お金の土台を作る

今月5万円余った。この5万円は全部使っていい?

ならすと月376円の差でも、出ていくのは一つの月です。

このページの要点

日本年金機構は令和8年度の国民年金保険料を毎月納付17,920円とし、1年前納(口座振替)を210,530円、割引額を4,510円としています。210,530円を12で割ると1か月あたり約17,544円で、毎月納付より376円ほど安く、その差を12倍すると4,510円になります。ところが1年前納は一つの月にまとめて出るので、その月の黒字が50,000円なら160,530円足りません。割引は年でならした話、足りるかどうかは月ごとの話です。
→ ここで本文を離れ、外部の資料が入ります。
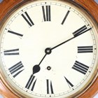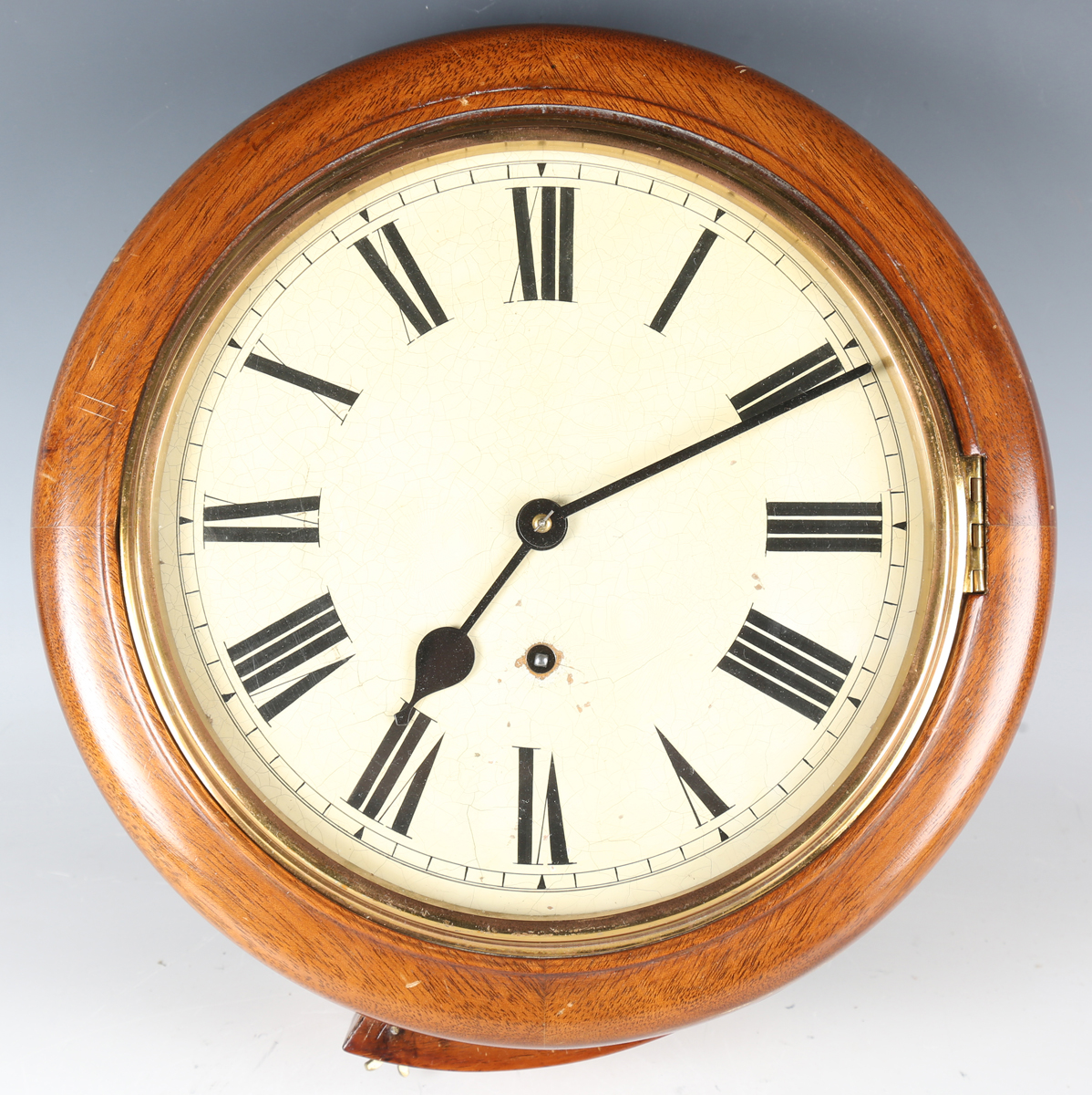 An early 20th century walnut circular cased wall timepiece, the single train movement stamped 'W & H Sch' (Winterhalder & Hofmeier), the 10-inch painted dial with black Roman hour numerals within a moulded circular surround, case diameter 33cm (lacking pendulum).
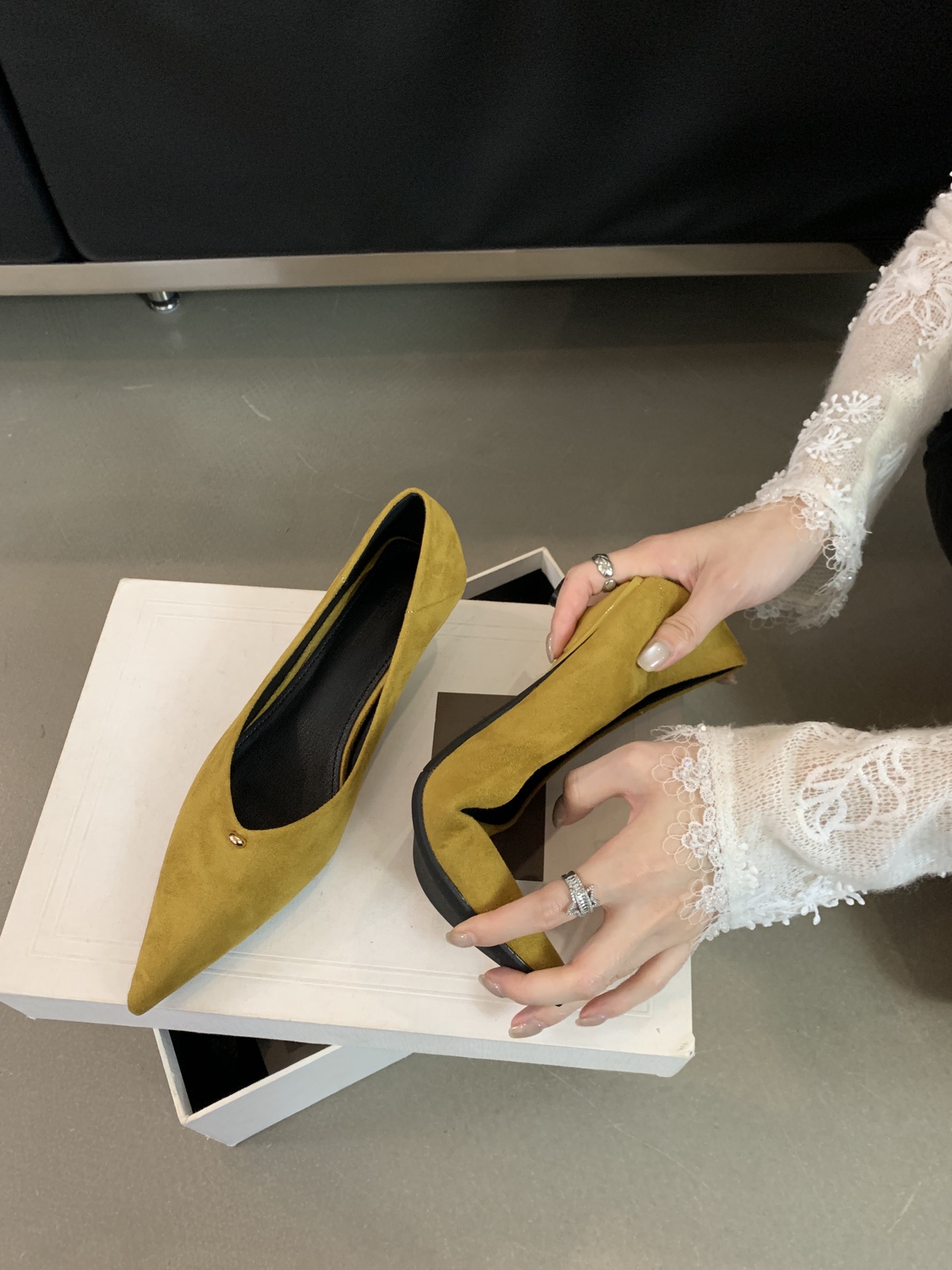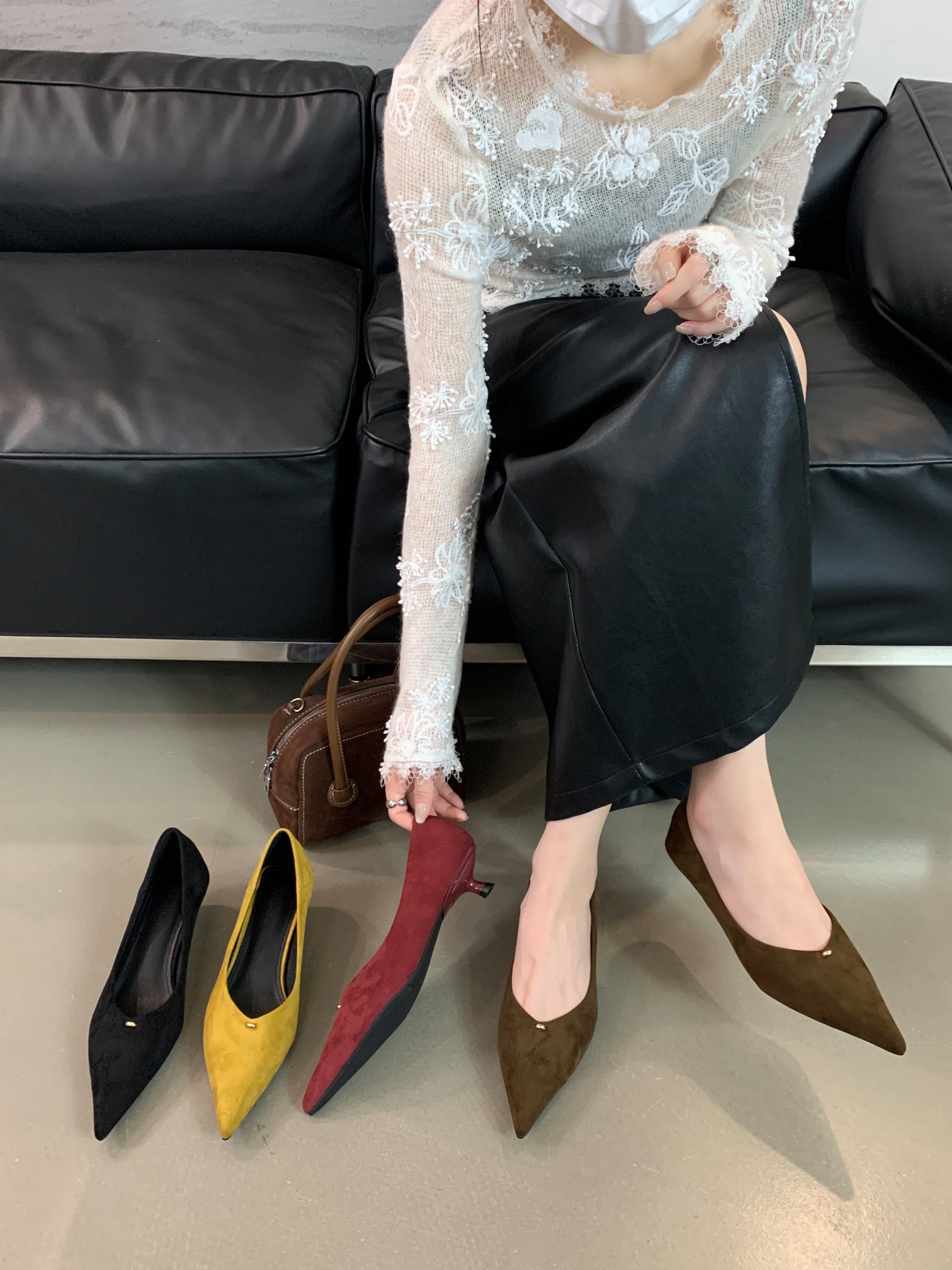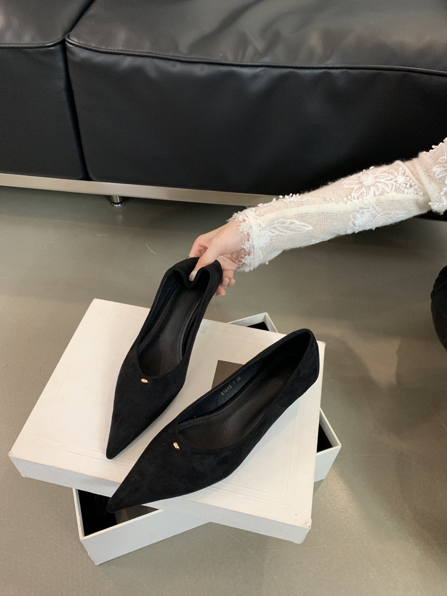French-style pointed-toe suede women’s single shoes with a 2.5cm thin heel 21099-12

最終更新 2026年9月10日 / 全 15 問 ・知る 3 ・わかる 2 ・見抜く 3 ・ケースで考える 5 ・判断する 2

このレッスンを解く

会員登録なしで解けます。このページには答えと解説を載せています。

目次 全 15 問

知る 3 問

  1. 前納
  2. 2年前納
  3. 前納

わかる 2 問

  1. 資金余力
  2. 前納

見抜く 3 問

  1. 前納
  2. 資金余力
  3. 早割

ケースで考える 5 問

  1. 毎月納付
  2. 割引額
  3. 月間黒字
  4. 前納
  5. 2年前納

判断する 2 問

  1. 資金余力
  2. 前納

知る

このテーマを理解するために必要な基本を押さえます。

令和8年度の国民年金保険料を、口座振替で納める場合の1回あたりの納付額です。

それぞれ、いくらですか。

答え 2年前納(口座振替) … 417,150円/1年前納(口座振替) … 210,530円/6カ月前納(口座振替) … 106,300円/当月末振替(早割) … 17,860円

期間が長いほど、1回の額も大きくなります。

知るお金の土台を作る★★★★
払い方納付額(口座振替)割引額納付額(納付書・カード)割引額
2年前納417,150円17,370円418,510円16,010円
1年前納210,530円4,510円211,220円3,820円
6カ月前納106,300円1,220円106,650円870円
当月末振替(早割)17,860円60円
毎月納付17,920円17,920円

令和8年度。割引額は毎月納付と比べたもの。

2年前納が417,150円、1年前納が210,530円、6カ月前納が106,300円、当月末振替(早割)が17,860円です。毎月納付は17,920円なので、早割との差は60円。期間をまとめるほど1回の額は大きくなり、そのぶん割引額も大きくなります。払い方は一つではなく、少なくとも五通りあります。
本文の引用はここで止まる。